Tuesday, August 2, 2016

Encantado


(Illustration by Jim Nelson comes from the Paizo Blog and is © Paizo Publishing.)

So like us—warm-blooded, clearly intelligent, full of personality—and yet living in a world so different from our own, it’s no wonder aquatic mammals inspire tales of charming shapechangers.  In Ireland, seals transform into selkies; in the Amazon, river dolphins inspire tales of encantados.

Encantados are especially interesting because they aren't shy or elusive fey—they like a fiesta.  These means that PCs are as likely to encounter them in the middle of an urban, conversation-based role-playing session as they are on a wilderness wandering monster table.  Since their imperfect shapechanging always gives them something to hide, players might either find them coy—perfect for a romance subplot—or suspicious—making for a great red herring in a murder-mystery scenario. 

And when in doubt, obsessive kidnappers and violent narcissists always make great villains.  Imagine the look on your players’ faces the next time they get critted by a spear-wielding dolphin-girl bard during a thunderstorm she summoned…

An encantado enchantress fuels her narcissism by always having several human thralls on hand.  Many of these she sends back to their home villages bearing her squalling young.  (She has no patience for children.)  If these children grow up to exhibit half-fey or undine traits, the encantado reappears on their fifteenth birthday to claim them as her “heirs” (more accurately, her slaves).  Those who acquiesce become her agents on land.  Those who resist she baleful polymorphs into dolphins, using a wand she stole from a hag decades ago.
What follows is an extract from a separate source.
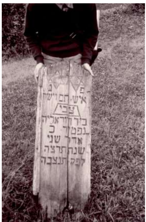
Ruscova cemetery. Rare surviving wooden grave marker.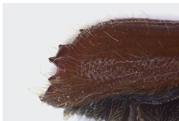
Figure 1. Lateral view of a male Ips duplicatus showing the characteristic spines 2 and 3 on its declivity.

The catches were morphologically and genetically identified to the species level. Morphological identification was done using the key of Pfeffer (1995). Comprehensive and well-illustrated compilations of the key characteristics for discriminating the closely related Ips species, i.e. I. typographus , I. amitinus , and I. duplicatus , can be found in Steyrer (2019) and Bussler (2020). The most typical feature is the ridge between spines 2 and 3 (Fig. 1). The sexes

During a masked ball, a dashing young woman dares an adventurer to best her in swashbuckling.  During the duel, he accidentally knocks off her hat and wig, revealing a gaping blowhole.  Aghast, the young woman then tries to kill the adventurer to protect her secret.

Along the Uke River, brides fleeing abusive husbands will sometimes hurl themselves into the falls, hoping to be transformed into encantados.  After a baron loses his daughter to the falls, he hires adventures to bring her back, whether she is a fey or a corpse.  (The marriage contract included a heavy penalty should the bride renege that he has no intention of paying, abuse or no—even a raise dead spell would be cheaper.)  Along the way, the adventurers will have to brave the falls, kappa pranksters, bloodthirsty merrow, and the liberated encantados themselves.  Worse yet, not every bride who throws herself into the falls is transformed…and many of the luckless suicides return as undead.

Pathfinder Bestiary 5 110

I pretty much picture every encantado trying to hide her blowhole as Amy Winehouse.

I like the encantado now, but it took me a while to get over the angry twitch I get whenever I see whale-fey.  There’s a reason for this: As I’ve mentioned before, 3.0’s Monster Manual absolutely gutted the fey roster.  (And, if I recall correctly, its authors went on to diss and dismiss the excised faeries in the pages of Dragon, rubbing salt in the wound.)  And when Monster Manual II came out, what kind of fey did we get?  (Drum roll, please!)

…A 20-foot-tall orca-giant called an ocean strider.

I may or may not have screamed and thrown the book across the room.  You decide.

Speaking of which, I question the rationale of making Pathfinder’s selkies monstrous humanoids while encantados are fey…but to be fair, Pathfinder’s selkies are pretty damn monstrous compared to anything we saw in The Secret of Roan Inish.